Here is how it works:
df.columns = ['OrderID', 'Order_Quantity',
'UnitPrice(USD)', 'Order_Status',
'OrderDate', 'Product_Category',
'Sales_Manager', 'Shipping_Cost(USD)',
'Delivery_Time(Days)', 'Shipping_Address',
'Product_Code', 'OrderCode']
df.head()
As you can see, I assigned a list of new column names to df.columns
and the names of all columns are changed accordingly.
For this to work, you need to pass the names of all the columns. The length of this names list must be exactly equal to the total number of columns in the DataFrame.
And without any other options like inplace, the column names are changed directly and permanently. As a result, this method is a bit risky.
So, I would suggest using it only when you are 100 percent sure that you want to change the column names.
You should also remember that the sequence of the column names in the list should match the columns in the DataFrame. Otherwise, the column names can be assigned incorrectly.
With all of the above points kept in mind, this is the best method to change all columns in one go.
Rename Columns in Pandas With pandas.DataFrame.set_axis
This method is originally used to set labels to DataFrame’s axis, i.e. this method can be used to label columns as well as rows.
All you need to do is simply pass the list of column names to the .set_axis()
function and specify axis = 1
to rename columns, like below:
df.set_axis(['A', 'B', 'C', 'D', 'E', 'F',
'G', 'H', 'I', 'J', 'K', 'L'], axis=1).head()
This is how you can change the column names for all or some of the columns. One also has to consider all of the points that I mentioned in the previous method.
However, .set_axis()
is a safer version of the previous method df.columns because this contains the inplace parameter. So even before applying changes you can preview future changes.
And to retain the changed column names, simply make inplace = True
.
That’s all you need to know about changing column names. I hope you’ve found this article interesting, useful and refreshing. It’s always important to have column names in a more readable and uniform style. Therefore, renaming columns is one of the essential steps that needs to be done at the beginning of your project.
Frequently Asked Questions
How do I rename a column name in Pandas?
There are four common ways to rename a column in Pandas:
- Using dictionary with the pandas.

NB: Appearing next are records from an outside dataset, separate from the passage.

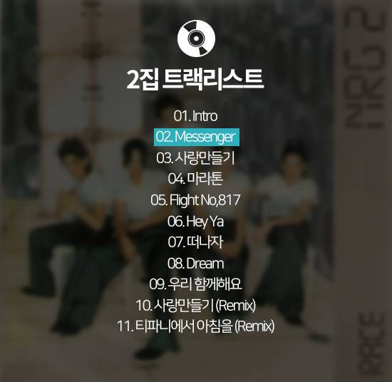 1집이 성공한 후 가요계에 성공적으로 안착한 NRG는 이듬해 8월 두 번째 정규 앨범 ‘레이스(Race)’를 발표했다.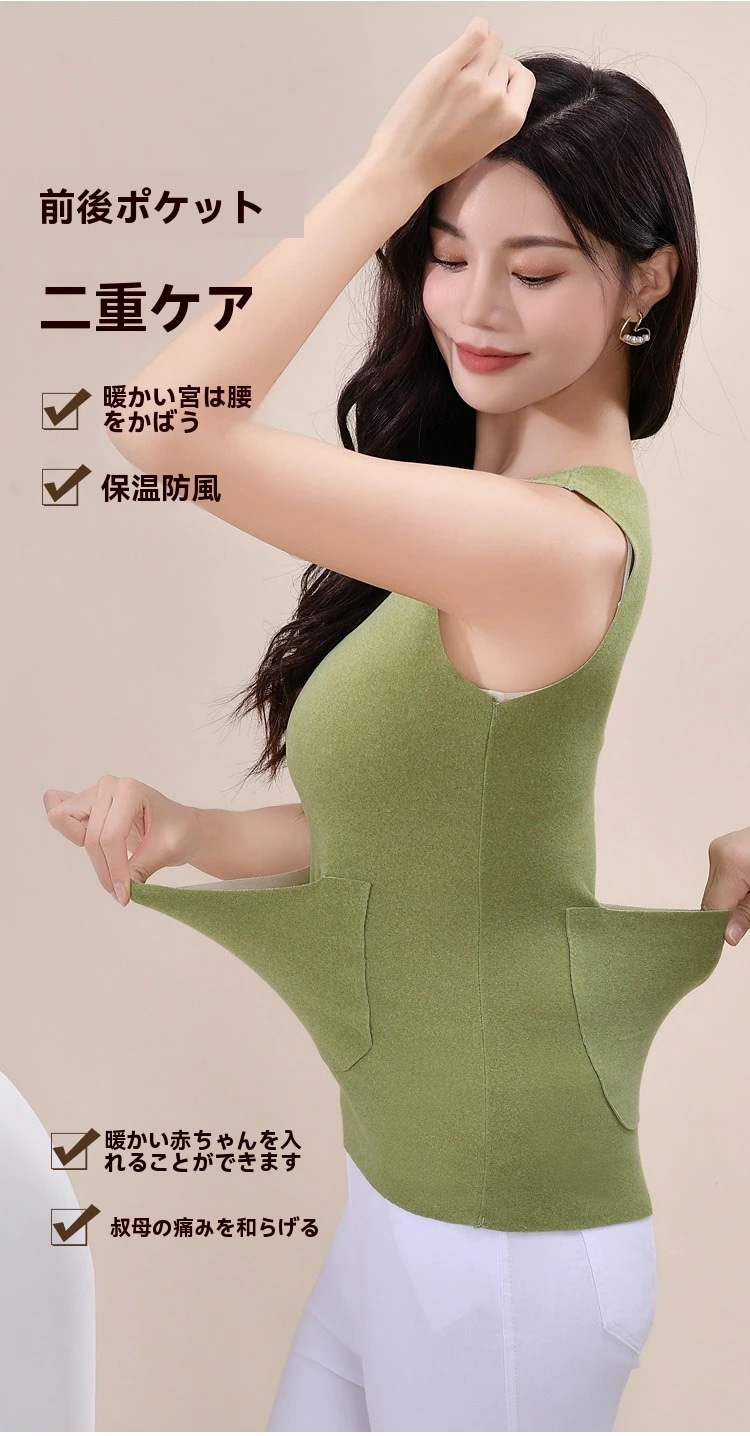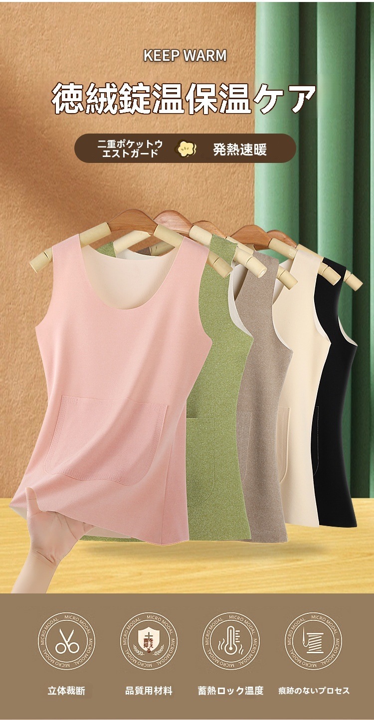 裏起毛 タンクトップ あったか インナー レディース 腹巻き ポケット付き 冷え対策 暖かい 防寒 秋冬 下着 肌着 ストレッチ キャミソール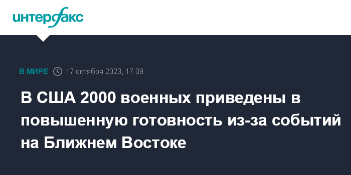 Москва. 17 октября. INTERFAX.RU - Глава Пентагона Ллойд Остин распорядился привести около 2 тысяч военнослужащих в состояние повышенной боевой готовности для их возможной отправки к новому месту назначения в связи с событиями на Ближнем Востоке.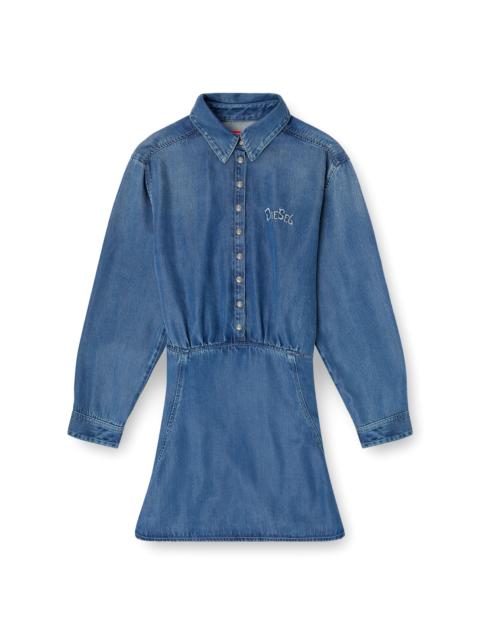 Product Description This mini dress is crafted from blue Lyocell denim with a light, fluid texture. The large embroidered patch on the back, featuring graffiti-style letters from the Diesel logo, makes it a unique statement piece. ID: A23669068XP Size & Fit Model is wearing a size S and is 175 cm / 5'7'' Check the size chart to choose the correct size. Materials & Details Composition: 100%Lyocell Shirt collar Buttoned top Large embroidered back patch Unlined

DataFrame. rename() function.
- Passing a function to the columns parameter.
- Renaming columns with pandas. DataFrame. columns.
- Renaming columns with pandas. DataFrame. set_axis.

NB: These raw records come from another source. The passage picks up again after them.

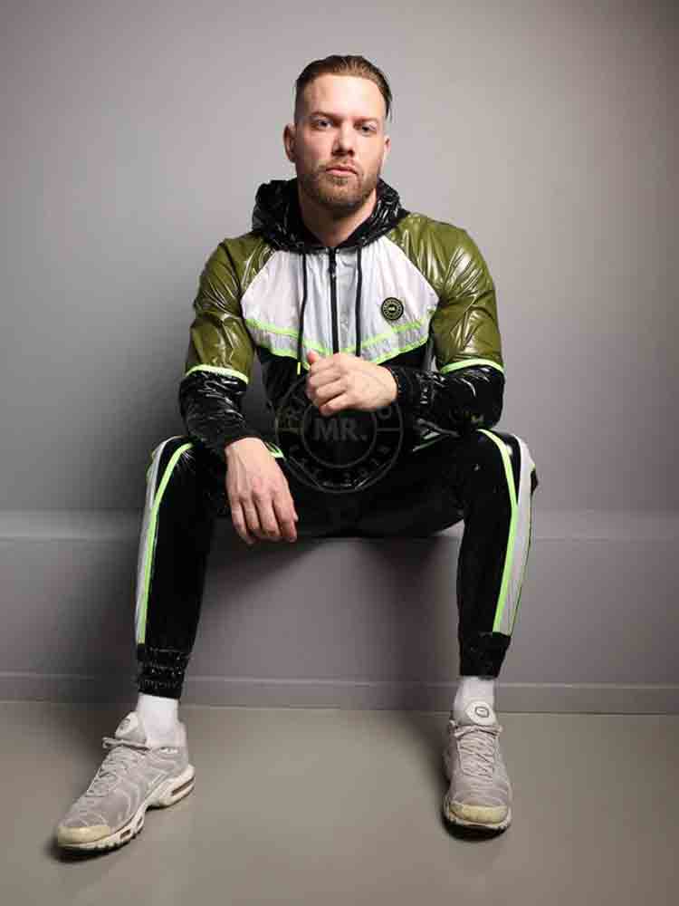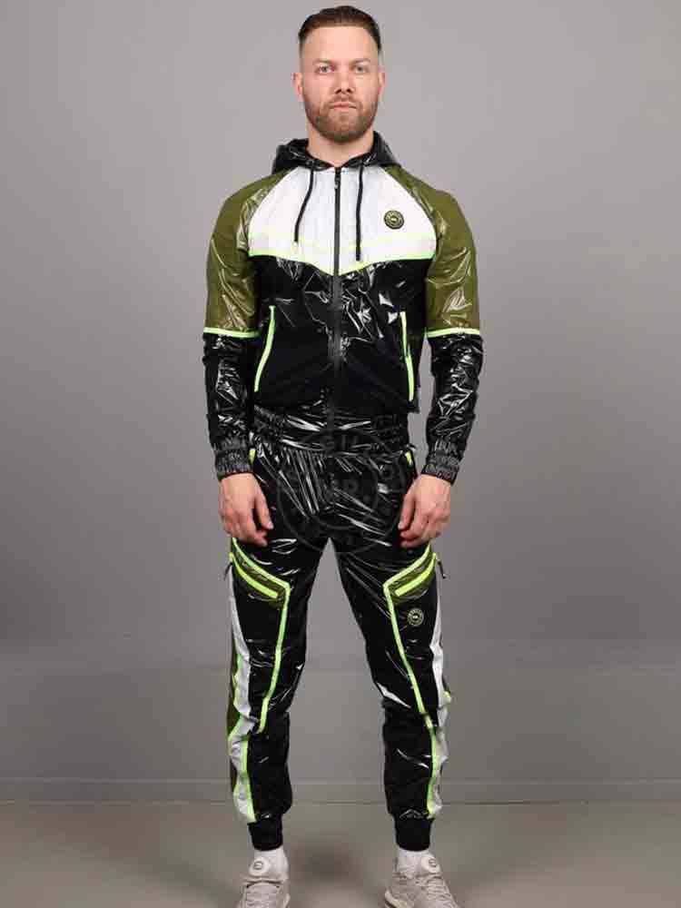 Lerne die Trainingshose FUNIS kennen, den Star unter den Trainingsanzügen – eine auffällige Mischung aus Schwarz und Armeegrün, gekrönt von einem strahlend weißen Brusteinsatz und durchzogen von neongrünen Streifen, die praktisch vor Energie pulsieren. Es ist Militär-Clubwear mit einem verspielten, versauten Touch.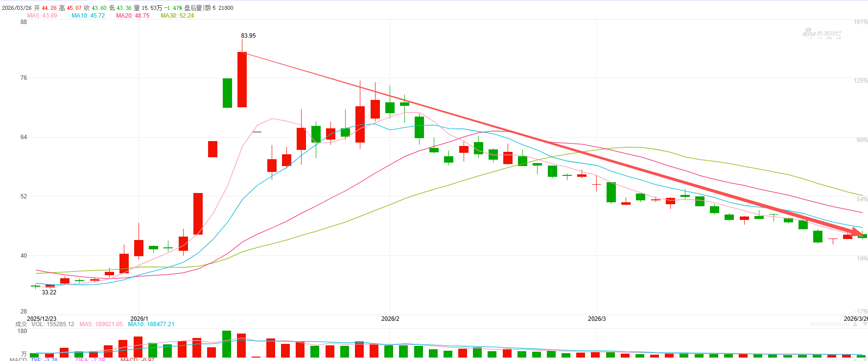 然而,这一轮暴涨在1月14日戛然而止。当日公司发布澄清公告,明确表示“不涉及GEO业务”,公司主营业务是为企业提供出海整合营销、数字营销等服务。公告发布后,股价从年内高点83.95元/股迅速回落。截至3月26日收盘,公司股价报43.60元,较高点回撤幅度达48%,市值蒸发约187亿元。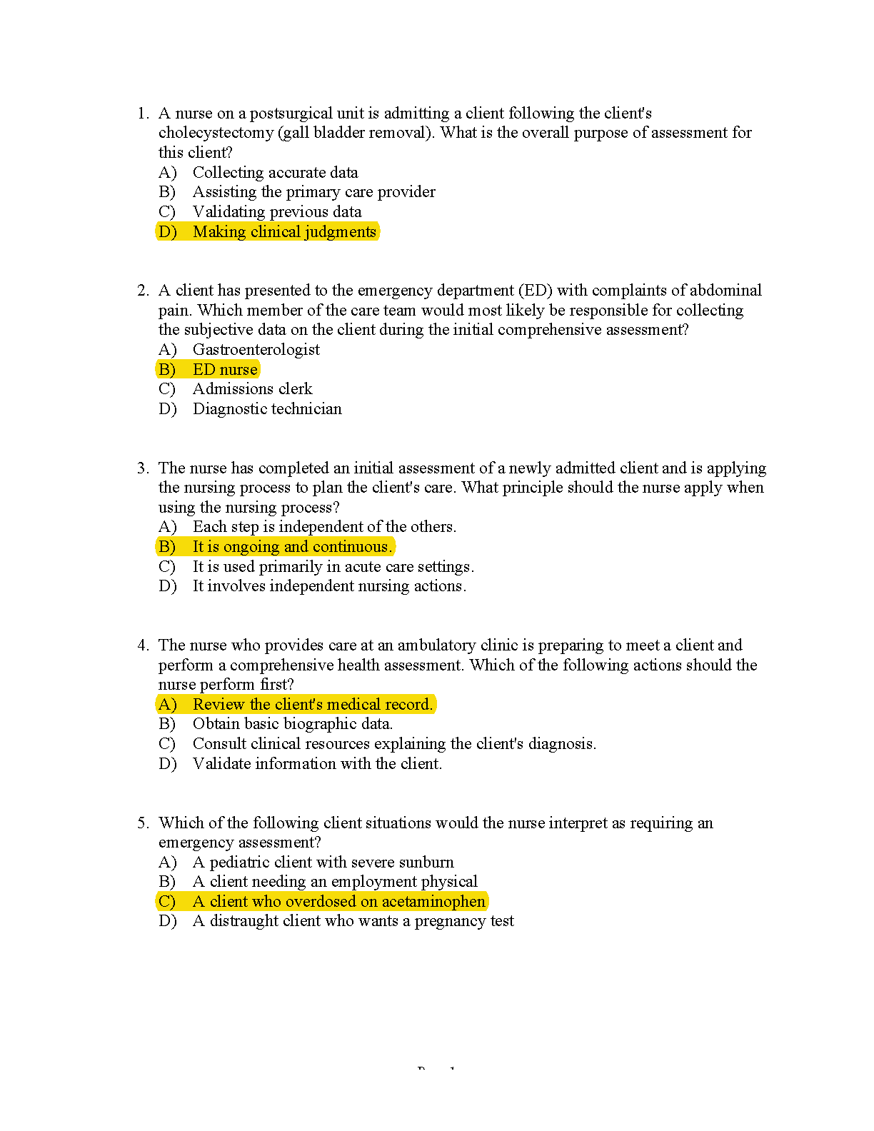 Ace your nursing exams on the first attempt with this comprehensive set of practice questions, designed to cover key assessment concepts. These questions are perfect for students preparing for their nursing school exams in 2024/2025. Prepare effectively, avoid resits, and boost your confidence!

How do I rename the last column in Pandas?
Basic methods for renaming only the last column in Pandas include directly assigning a new name to the column or using the rename() function.
How do I fix column names in Pandas?
The same methods for renaming columns can also be used for fixing column names, including using the rename() function and the set_axis function. Another option is to simply assign new names to each column.